Hi, I recently added a mechanism for runtime active defragmentation in redis, for which i added some code to jemalloc so that the application can decide which pointers are worth moving, and which aren't.
this hint can be merged into jemalloc so that other applications can choose to use it, and with your assistance it can maybe be improved so that defragmentation is more efficient.

first i'll describe what i already did:
after checking that the allocation is in a small bin (not large or huge), we must make sure it's not in the current run (used for new allocations), and that it doesn't reside in a fully utilized run. then we need to decide which non-full runs to evict and which non-full runs to fill.
ideally, the least amount of "work" would be to move the allocations from runs with low %run_utilization into runs with high %run_utilization, or in other words, re-allocate pointers that reside in runs with %run_utilization that is smaller than the average (i.e. the %bin_utilization).
additionally when re-allocating, we must make sure to bypass the thread cache, otherwise we'll "end up eating our own shit".

if want, you can take a quick look at the raw code i added: https://github.com/antirez/redis/pull/3720/files
(it also contains a showcase with malloc_stats output)
this was currently implemented on top of jemalloc 4.0.3, but i can PR that into the latest.

improvements:

  1. when calculating the % bin utilization, it may be good to excludes full runs. so that we know if a run is less utilized than average, only among the non full runs, and not the entire bin utilization. for that all we need is to know the count of non-full runs in the bin.

  2. when we re-allocate a pointer, it always moves into the non full run with the lowest address. there's a chance that this allocation will move out of a run which is going to be the currun soon, and we'll end up moving another allocation to the place we just evicted.

consider these to be runs in a certain bin (sorted by address space)
[xxx-] [xxxx] [xa--] [bx--] [xxxx] [xxx-]
'x' = used, '-' = unused, 'a'/'b' used allocations that we'll want to move.

in this case, assuming we'll first try to consider moving 'a' before we consider moving 'b'. it would be more efficient if we didn't move the 'a' and then move 'b' into it's place, and instead move the just 'b' into the unused space in the first run.

in order to do that i think we need to sort all the non-full runs of each bin by their address, and divide that list into two groups: ones that reside in address that is lower than the relative point in the address space than a split point according to the average bin utilization (% utilization that excludes full runs), and ones above it.
then we need to move only pointers that reside in run above that address.

please note that even the form that i already implemented (for which i didn't change anything in existing parts of the code) is enough to be very beneficial to the application.
i exposed the % utilization to the application so that i can play with some algorithms, and measure statistics, but if we want an API that can be easily improved in the future, we need to expose a single boolean result and do the decision inside the function.

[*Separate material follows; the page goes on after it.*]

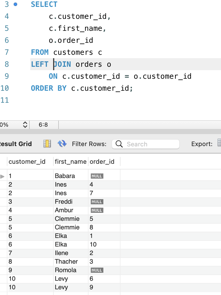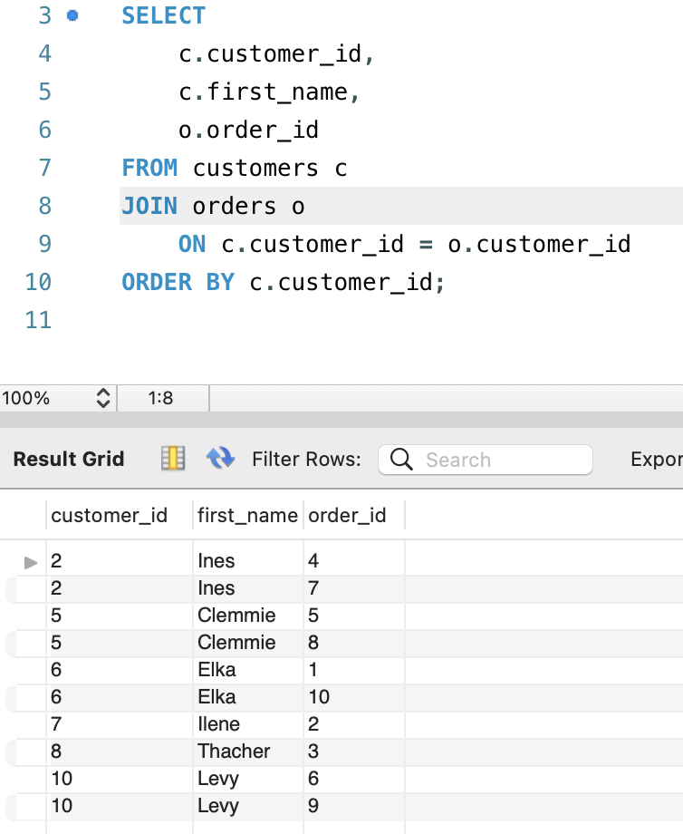 NATURAL JOIN customers c; < === natural join lets the mysql db to infer this query based on the common column from both table.
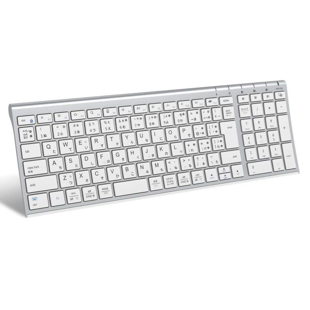 テンキー付き日本語配列ブルートゥースキーボードメールや原稿作成、数字を頻繁に入力する作業に最適、デスク上がスッキリするのがメリットです。3.95mm極薄の洗練されたボディ、シンプルでお洒落な外観、オフィスでも家でも使えます。本体寸法:36.6x12.5cm、キーボードの薄さ(奥1.6〜手前0.3cm)が作業をスピードアップさせます。ご不明点がございましたら、弊社のカスタマー・サービスにご連絡いただきますようお願いします。 タイピングしやすいノートPCと同じ「パンタグラフ方式」を採用しており、打ちやすい19mmキーピッチで、ネイルアートを施した指先でも操作しやすくなっています。浅めな1.8mmキーストロークは、静か、快適、滑らかなタイピング感を実現。軽い力でキーを押すことができるため、疲労を感じにくく、手首が一番リラックスした状態で入力できます。特にノートパソコンをよく使う方、高速入力を求める方におススメです。 マルチOS対応&OS自動識別:iOS、Android、Windowsのスマホ、タブレット、PC、ノートパソコンに使用可能(Bluetooth機能が必要)。また、接続先デバイスのOSを自動識別でき、面倒な初期設定をする必要がありません。iphone、iPad mini 、iPad 、iPad Air、iPad Pro、 Mac、ios、Anroid、Windows等のデバイスに対応できます。接続距離最大10メートルで安定な無線接続、操作もスムーズにできます。※iOS、iPadOSでは英語配列キーボードと認識されます(下記注記あり)。 Bluetoothで3台までのデバイスと接続できます:オペレーティングシステムの異なる最大3つのデバイスとペアリングが可能、ワンタッチで使用してデバイス間ですばやく切り替えることができます。Bluetooth5.1チップ搭載のため、接続の安定性を最大限に。 優れた耐久性と長時間使用可能キーボードの裏面に亜鉛メッキ鋼板が使用され、プラスチック製品より一段と高級感、品質感があります。素材の性質として、腐食されにくく、長年の使用に耐えられ、耐久性に優れている。USB-C充電式キーボードです。ただ2時間でフル充電、90時間連続使用可能。日本語取扱説明書付き、18ヶ月品質保証、日本語カスタマーサポート。

please let me know what you think.
thanks.

@jasone

This comment has been minimized.

Member

jasone commented Feb 9, 2017

Given that you have the ability to relocate allocations, why isn't it sufficient to simply relocate everything (as mentioned in #562)? This should cause nearly optimal compaction, with no need for special APIs, and no increase in operational complexity.

It's conceivable that whatever solution we come up with for #327 will somehow indirectly expose information that approximates the utilization stat, or perhaps the iteration order will be inadvertently related to extent age, but I'm wary of adding an API for reporting per slab utilization stats.

@oranagra

This comment has been minimized.

oranagra commented Feb 10, 2017

Hi, thanks for replying.
In an application like Redis (that may hold 100GB or more in ram, and millions of allocations), memcpy-ing all the data in ram to new addresses would be very inefficient.
especially considering that fragmentation may only be in one or two problematic bins.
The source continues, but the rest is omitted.